Women active a few times weekly have lower risk of heart disease, stroke and blood clots
American Heart Association Rapid Access Journal Report
- Middle-aged women physically active a few times per week have lower risks of heart disease, stroke and blood clots than inactive women.
- More frequent physical activity does not appear to lower the risks further.
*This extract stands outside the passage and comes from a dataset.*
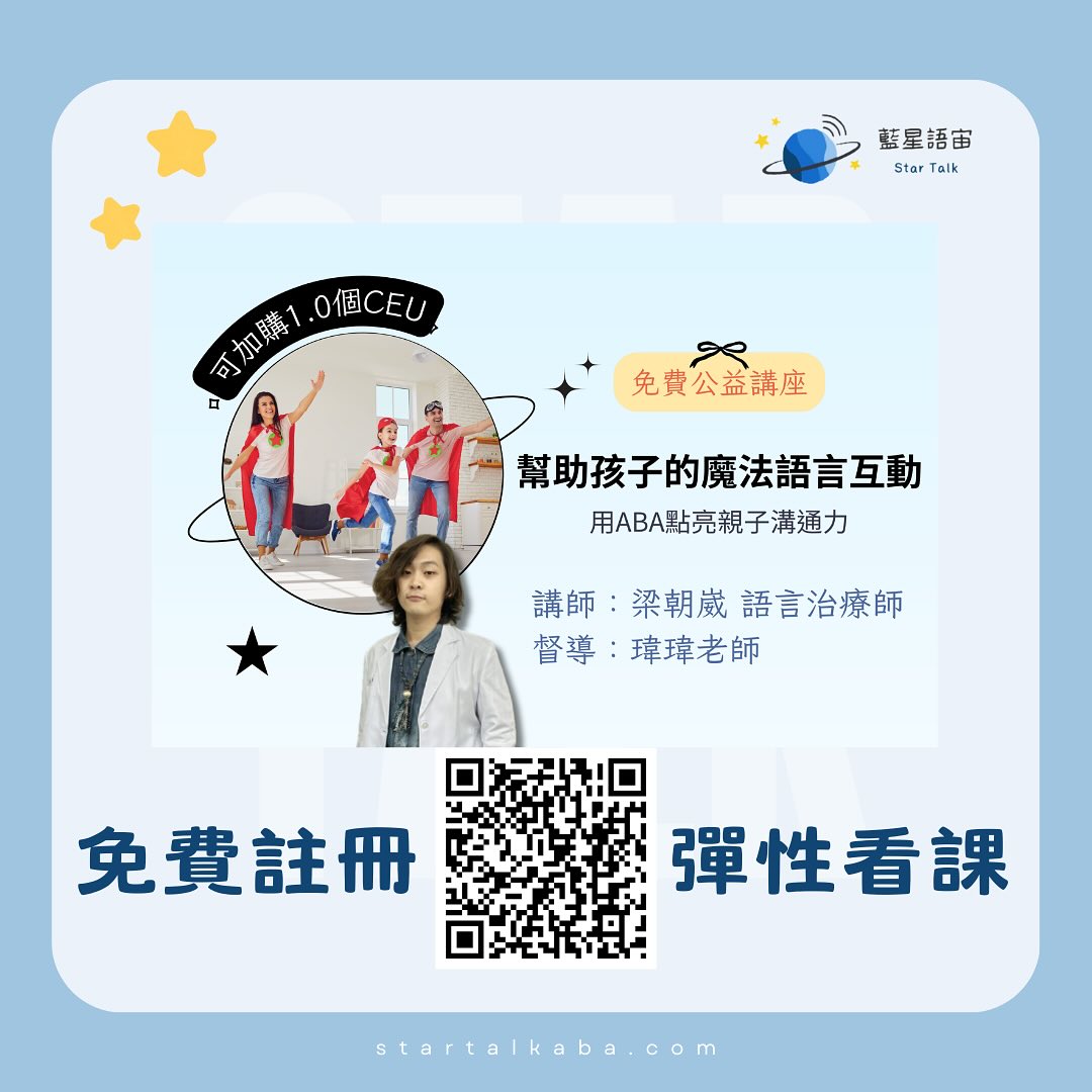 若您具有 BACB / BCaBA / IBA / IBT 等專業身份,並需要取得 CEU 認證,本講座可額外加購 1.0 個 CEU(Learning CEU 與 ABA 技術類 CEU 各可申請)。

Embargoed until 3 p.m. CT/4 p.m. ET Monday, Feb. 16, 2015
DALLAS, Feb. 16, 2015 — Middle-aged women who are physically active a few times per week have lower risks of heart disease, stroke and blood clots than inactive women, according to research in the American Heart Association journal Circulation. Surprisingly, more frequent physical activity didn’t result in further reductions in risk, researchers said.
In the study:
Women who performed strenuous physical activity— enough to cause sweating or a faster heart beat — two to three times per week were about 20 percent less likely to develop heart disease, strokes or blood clots compared to participants who reported little or no activity.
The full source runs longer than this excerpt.